#### [WHAT TO WORK ON]
Starting at the line below holding "Thorlabs索雷博 SLD1550P-A40 - 超辐射发光二极管" and stopping at the line holding "管理员点用户管理,进入用户管", print every line exactly, both ends included, and leave the rest out.

Top of GIVEN INFORMATION

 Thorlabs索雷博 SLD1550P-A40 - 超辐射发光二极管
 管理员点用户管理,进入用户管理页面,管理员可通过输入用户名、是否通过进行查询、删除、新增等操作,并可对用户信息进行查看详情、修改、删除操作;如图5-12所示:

Bottom of GIVEN INFORMATION
Top of GIVEN INFORMATION

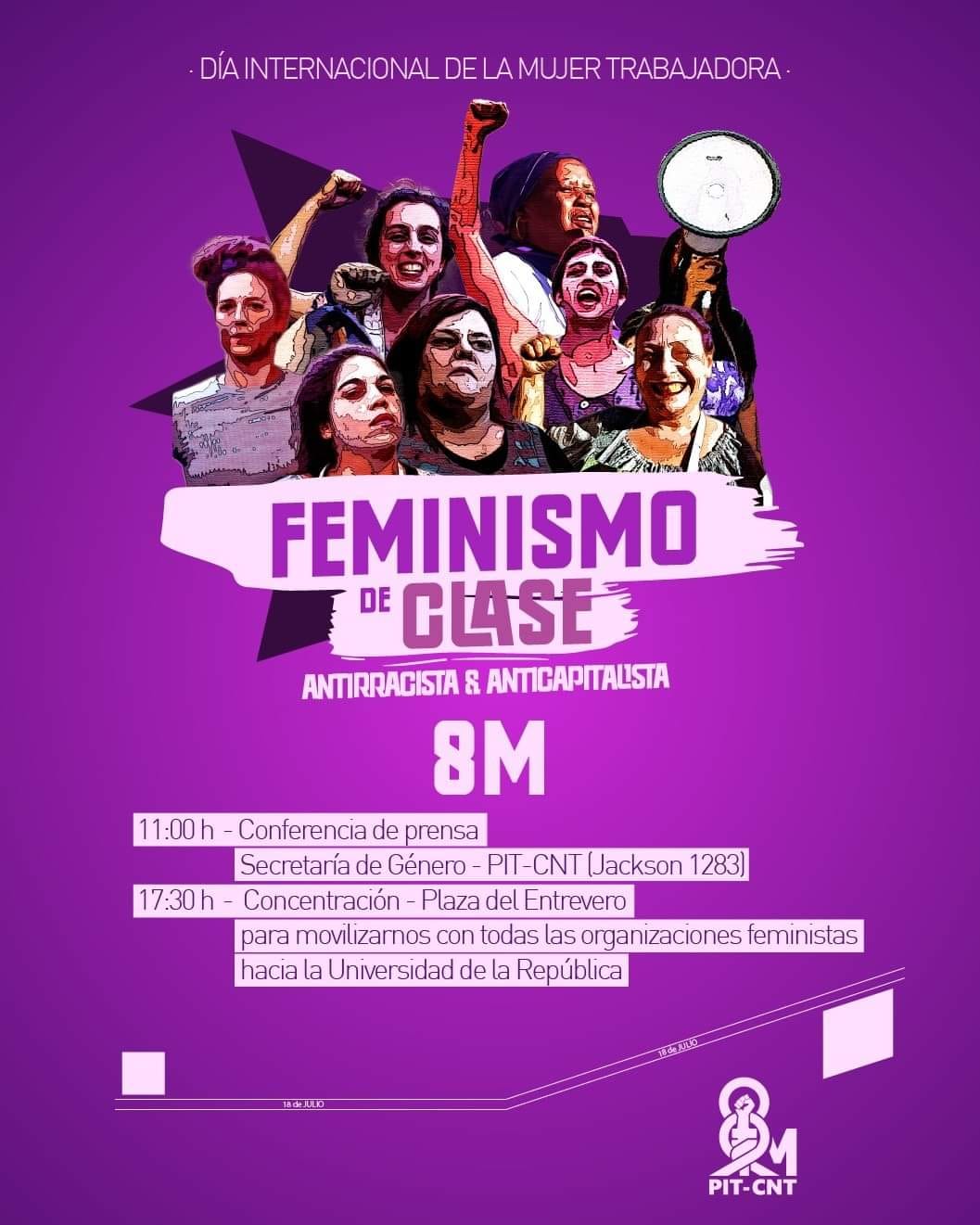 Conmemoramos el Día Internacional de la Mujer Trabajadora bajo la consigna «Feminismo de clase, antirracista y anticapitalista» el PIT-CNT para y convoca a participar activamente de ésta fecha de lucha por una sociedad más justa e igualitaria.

Bottom of GIVEN INFORMATION
Top of GIVEN INFORMATION

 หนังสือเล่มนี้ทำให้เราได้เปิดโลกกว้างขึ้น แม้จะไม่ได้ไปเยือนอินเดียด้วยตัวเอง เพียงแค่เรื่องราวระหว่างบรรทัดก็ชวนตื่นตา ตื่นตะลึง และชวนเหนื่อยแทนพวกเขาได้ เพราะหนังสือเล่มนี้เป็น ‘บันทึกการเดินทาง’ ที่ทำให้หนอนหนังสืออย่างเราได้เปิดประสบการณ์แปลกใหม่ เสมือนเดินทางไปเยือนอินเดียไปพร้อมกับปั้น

Bottom of GIVEN INFORMATION

#### [FINISHED EXERCISE]
 Thorlabs索雷博 SLD1550P-A40 - 超辐射发光二极管
 管理员点用户管理,进入用户管理页面,管理员可通过输入用户名、是否通过进行查询、删除、新增等操作,并可对用户信息进行查看详情、修改、删除操作;如图5-12所示:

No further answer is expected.